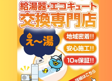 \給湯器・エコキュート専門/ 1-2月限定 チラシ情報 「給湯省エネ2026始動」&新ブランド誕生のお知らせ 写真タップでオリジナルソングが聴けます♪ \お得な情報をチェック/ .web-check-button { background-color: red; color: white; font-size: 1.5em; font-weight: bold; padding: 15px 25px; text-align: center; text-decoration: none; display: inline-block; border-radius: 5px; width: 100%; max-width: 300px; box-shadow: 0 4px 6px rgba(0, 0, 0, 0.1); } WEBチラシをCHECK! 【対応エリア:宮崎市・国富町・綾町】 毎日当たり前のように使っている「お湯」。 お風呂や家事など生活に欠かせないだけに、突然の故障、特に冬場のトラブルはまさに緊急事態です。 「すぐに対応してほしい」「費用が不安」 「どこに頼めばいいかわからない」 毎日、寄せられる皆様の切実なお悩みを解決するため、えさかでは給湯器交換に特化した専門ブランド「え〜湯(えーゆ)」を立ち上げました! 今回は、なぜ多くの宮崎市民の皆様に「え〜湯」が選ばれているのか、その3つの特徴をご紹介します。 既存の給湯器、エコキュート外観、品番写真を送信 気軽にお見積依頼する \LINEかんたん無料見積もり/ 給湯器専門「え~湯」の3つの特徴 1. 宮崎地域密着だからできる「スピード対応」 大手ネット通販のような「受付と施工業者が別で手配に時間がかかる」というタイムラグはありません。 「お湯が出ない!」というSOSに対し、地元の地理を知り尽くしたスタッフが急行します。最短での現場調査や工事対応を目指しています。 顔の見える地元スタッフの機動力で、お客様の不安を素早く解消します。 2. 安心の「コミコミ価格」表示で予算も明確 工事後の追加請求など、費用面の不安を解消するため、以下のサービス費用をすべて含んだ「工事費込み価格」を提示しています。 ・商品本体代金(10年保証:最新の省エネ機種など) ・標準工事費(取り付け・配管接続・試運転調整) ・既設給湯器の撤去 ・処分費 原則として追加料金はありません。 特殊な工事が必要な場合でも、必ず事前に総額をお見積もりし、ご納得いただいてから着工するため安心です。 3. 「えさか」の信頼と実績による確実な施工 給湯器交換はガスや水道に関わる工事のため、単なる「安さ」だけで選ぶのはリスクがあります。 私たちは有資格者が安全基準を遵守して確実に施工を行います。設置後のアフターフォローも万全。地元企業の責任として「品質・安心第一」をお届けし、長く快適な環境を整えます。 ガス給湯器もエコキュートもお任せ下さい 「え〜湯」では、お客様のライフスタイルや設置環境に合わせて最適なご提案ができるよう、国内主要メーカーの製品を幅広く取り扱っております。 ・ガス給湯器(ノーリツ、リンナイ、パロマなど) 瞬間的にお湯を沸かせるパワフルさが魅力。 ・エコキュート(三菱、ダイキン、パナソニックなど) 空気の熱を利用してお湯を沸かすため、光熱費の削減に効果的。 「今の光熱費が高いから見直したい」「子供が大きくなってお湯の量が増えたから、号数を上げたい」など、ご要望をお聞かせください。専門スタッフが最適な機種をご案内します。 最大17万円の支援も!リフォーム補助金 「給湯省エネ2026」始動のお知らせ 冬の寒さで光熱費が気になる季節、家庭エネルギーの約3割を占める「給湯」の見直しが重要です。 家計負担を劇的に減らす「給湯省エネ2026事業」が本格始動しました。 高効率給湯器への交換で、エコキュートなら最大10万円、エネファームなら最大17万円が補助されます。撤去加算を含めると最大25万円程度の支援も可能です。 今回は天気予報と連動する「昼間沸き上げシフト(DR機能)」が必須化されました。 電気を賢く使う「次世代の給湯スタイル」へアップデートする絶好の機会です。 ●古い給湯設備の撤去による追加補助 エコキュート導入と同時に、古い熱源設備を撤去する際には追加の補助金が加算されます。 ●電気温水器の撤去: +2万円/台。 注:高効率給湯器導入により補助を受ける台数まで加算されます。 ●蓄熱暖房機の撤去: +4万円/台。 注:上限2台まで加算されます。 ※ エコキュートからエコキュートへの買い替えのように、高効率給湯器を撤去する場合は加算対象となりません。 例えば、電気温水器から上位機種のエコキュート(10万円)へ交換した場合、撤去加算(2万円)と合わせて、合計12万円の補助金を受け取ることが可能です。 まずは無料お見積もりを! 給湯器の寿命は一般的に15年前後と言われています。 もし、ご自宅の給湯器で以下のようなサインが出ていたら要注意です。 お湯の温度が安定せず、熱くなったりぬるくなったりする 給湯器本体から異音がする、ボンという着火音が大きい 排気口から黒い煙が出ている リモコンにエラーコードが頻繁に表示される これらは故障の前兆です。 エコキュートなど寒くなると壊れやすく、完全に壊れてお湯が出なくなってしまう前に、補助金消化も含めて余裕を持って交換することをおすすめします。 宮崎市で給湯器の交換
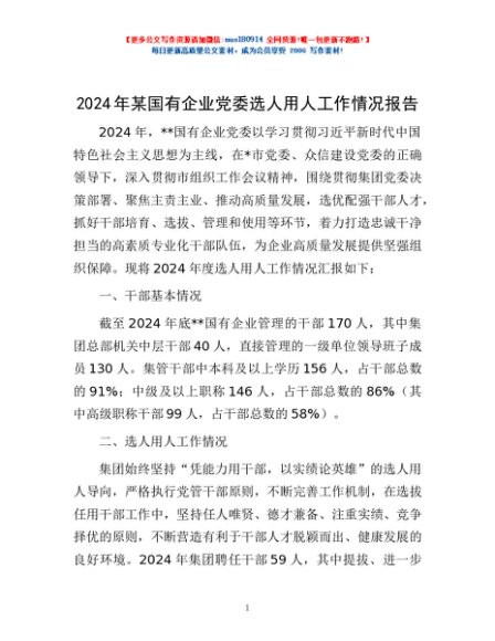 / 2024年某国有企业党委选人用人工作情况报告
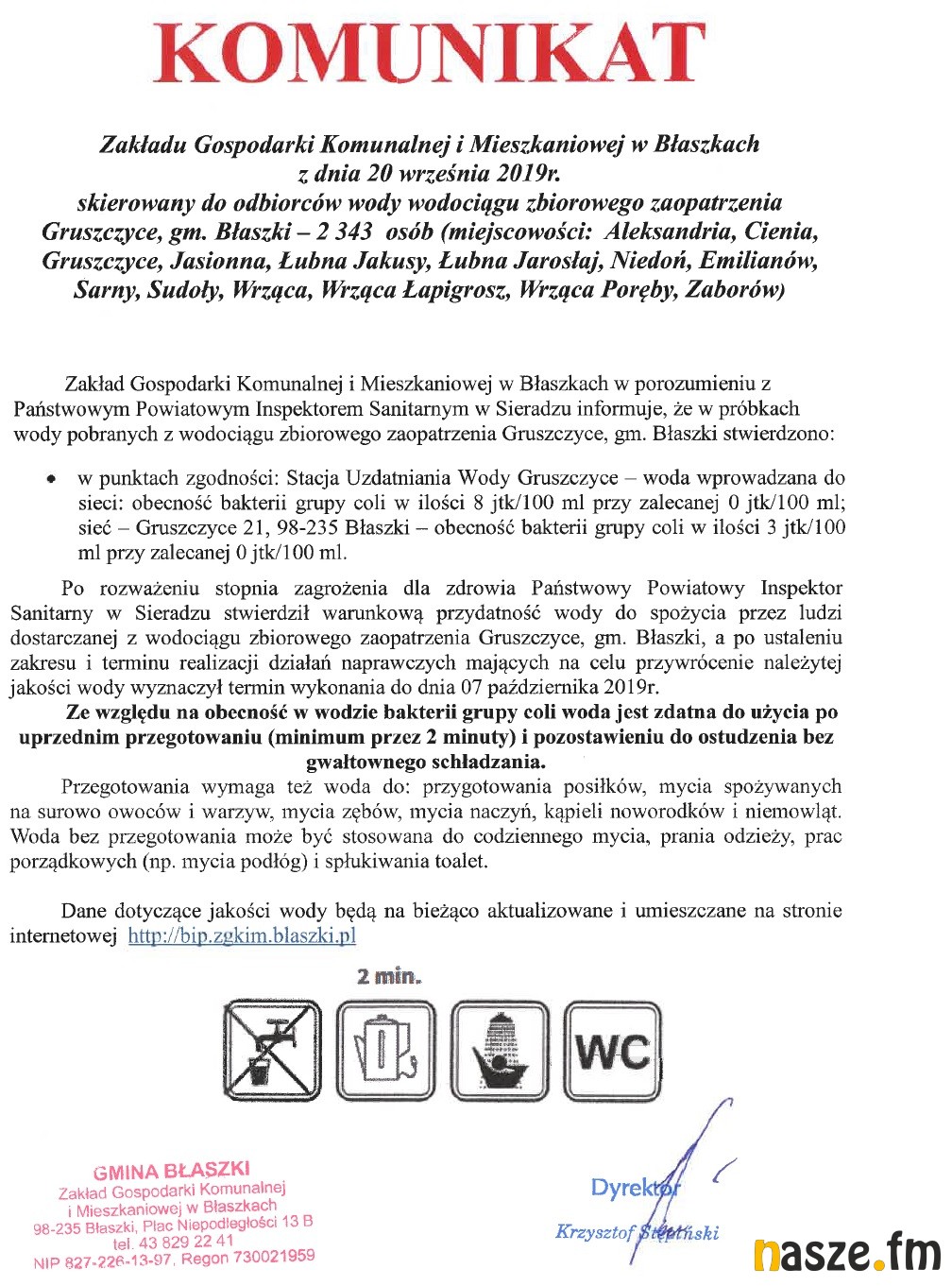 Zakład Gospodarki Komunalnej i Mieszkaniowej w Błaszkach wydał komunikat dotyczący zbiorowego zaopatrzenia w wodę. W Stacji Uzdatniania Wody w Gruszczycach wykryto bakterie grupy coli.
——
PROBLEM TO SOLVE ▸
Could you print the listing above word for word, without its pictures?

RESPONSE ▸
 \給湯器・エコキュート専門/ 1-2月限定 チラシ情報 「給湯省エネ2026始動」&新ブランド誕生のお知らせ 写真タップでオリジナルソングが聴けます♪ \お得な情報をチェック/ .web-check-button { background-color: red; color: white; font-size: 1.5em; font-weight: bold; padding: 15px 25px; text-align: center; text-decoration: none; display: inline-block; border-radius: 5px; width: 100%; max-width: 300px; box-shadow: 0 4px 6px rgba(0, 0, 0, 0.1); } WEBチラシをCHECK! 【対応エリア:宮崎市・国富町・綾町】 毎日当たり前のように使っている「お湯」。 お風呂や家事など生活に欠かせないだけに、突然の故障、特に冬場のトラブルはまさに緊急事態です。 「すぐに対応してほしい」「費用が不安」 「どこに頼めばいいかわからない」 毎日、寄せられる皆様の切実なお悩みを解決するため、えさかでは給湯器交換に特化した専門ブランド「え〜湯(えーゆ)」を立ち上げました! 今回は、なぜ多くの宮崎市民の皆様に「え〜湯」が選ばれているのか、その3つの特徴をご紹介します。 既存の給湯器、エコキュート外観、品番写真を送信 気軽にお見積依頼する \LINEかんたん無料見積もり/ 給湯器専門「え~湯」の3つの特徴 1. 宮崎地域密着だからできる「スピード対応」 大手ネット通販のような「受付と施工業者が別で手配に時間がかかる」というタイムラグはありません。 「お湯が出ない!」というSOSに対し、地元の地理を知り尽くしたスタッフが急行します。最短での現場調査や工事対応を目指しています。 顔の見える地元スタッフの機動力で、お客様の不安を素早く解消します。 2. 安心の「コミコミ価格」表示で予算も明確 工事後の追加請求など、費用面の不安を解消するため、以下のサービス費用をすべて含んだ「工事費込み価格」を提示しています。 ・商品本体代金(10年保証:最新の省エネ機種など) ・標準工事費(取り付け・配管接続・試運転調整) ・既設給湯器の撤去 ・処分費 原則として追加料金はありません。 特殊な工事が必要な場合でも、必ず事前に総額をお見積もりし、ご納得いただいてから着工するため安心です。 3. 「えさか」の信頼と実績による確実な施工 給湯器交換はガスや水道に関わる工事のため、単なる「安さ」だけで選ぶのはリスクがあります。 私たちは有資格者が安全基準を遵守して確実に施工を行います。設置後のアフターフォローも万全。地元企業の責任として「品質・安心第一」をお届けし、長く快適な環境を整えます。 ガス給湯器もエコキュートもお任せ下さい 「え〜湯」では、お客様のライフスタイルや設置環境に合わせて最適なご提案ができるよう、国内主要メーカーの製品を幅広く取り扱っております。 ・ガス給湯器(ノーリツ、リンナイ、パロマなど) 瞬間的にお湯を沸かせるパワフルさが魅力。 ・エコキュート(三菱、ダイキン、パナソニックなど) 空気の熱を利用してお湯を沸かすため、光熱費の削減に効果的。 「今の光熱費が高いから見直したい」「子供が大きくなってお湯の量が増えたから、号数を上げたい」など、ご要望をお聞かせください。専門スタッフが最適な機種をご案内します。 最大17万円の支援も!リフォーム補助金 「給湯省エネ2026」始動のお知らせ 冬の寒さで光熱費が気になる季節、家庭エネルギーの約3割を占める「給湯」の見直しが重要です。 家計負担を劇的に減らす「給湯省エネ2026事業」が本格始動しました。 高効率給湯器への交換で、エコキュートなら最大10万円、エネファームなら最大17万円が補助されます。撤去加算を含めると最大25万円程度の支援も可能です。 今回は天気予報と連動する「昼間沸き上げシフト(DR機能)」が必須化されました。 電気を賢く使う「次世代の給湯スタイル」へアップデートする絶好の機会です。 ●古い給湯設備の撤去による追加補助 エコキュート導入と同時に、古い熱源設備を撤去する際には追加の補助金が加算されます。 ●電気温水器の撤去: +2万円/台。 注:高効率給湯器導入により補助を受ける台数まで加算されます。 ●蓄熱暖房機の撤去: +4万円/台。 注:上限2台まで加算されます。 ※ エコキュートからエコキュートへの買い替えのように、高効率給湯器を撤去する場合は加算対象となりません。 例えば、電気温水器から上位機種のエコキュート(10万円)へ交換した場合、撤去加算(2万円)と合わせて、合計12万円の補助金を受け取ることが可能です。 まずは無料お見積もりを! 給湯器の寿命は一般的に15年前後と言われています。 もし、ご自宅の給湯器で以下のようなサインが出ていたら要注意です。 お湯の温度が安定せず、熱くなったりぬるくなったりする 給湯器本体から異音がする、ボンという着火音が大きい 排気口から黒い煙が出ている リモコンにエラーコードが頻繁に表示される これらは故障の前兆です。 エコキュートなど寒くなると壊れやすく、完全に壊れてお湯が出なくなってしまう前に、補助金消化も含めて余裕を持って交換することをおすすめします。 宮崎市で給湯器の交換
 / 2024年某国有企业党委选人用人工作情况报告
 Zakład Gospodarki Komunalnej i Mieszkaniowej w Błaszkach wydał komunikat dotyczący zbiorowego zaopatrzenia w wodę. W Stacji Uzdatniania Wody w Gruszczycach wykryto bakterie grupy coli.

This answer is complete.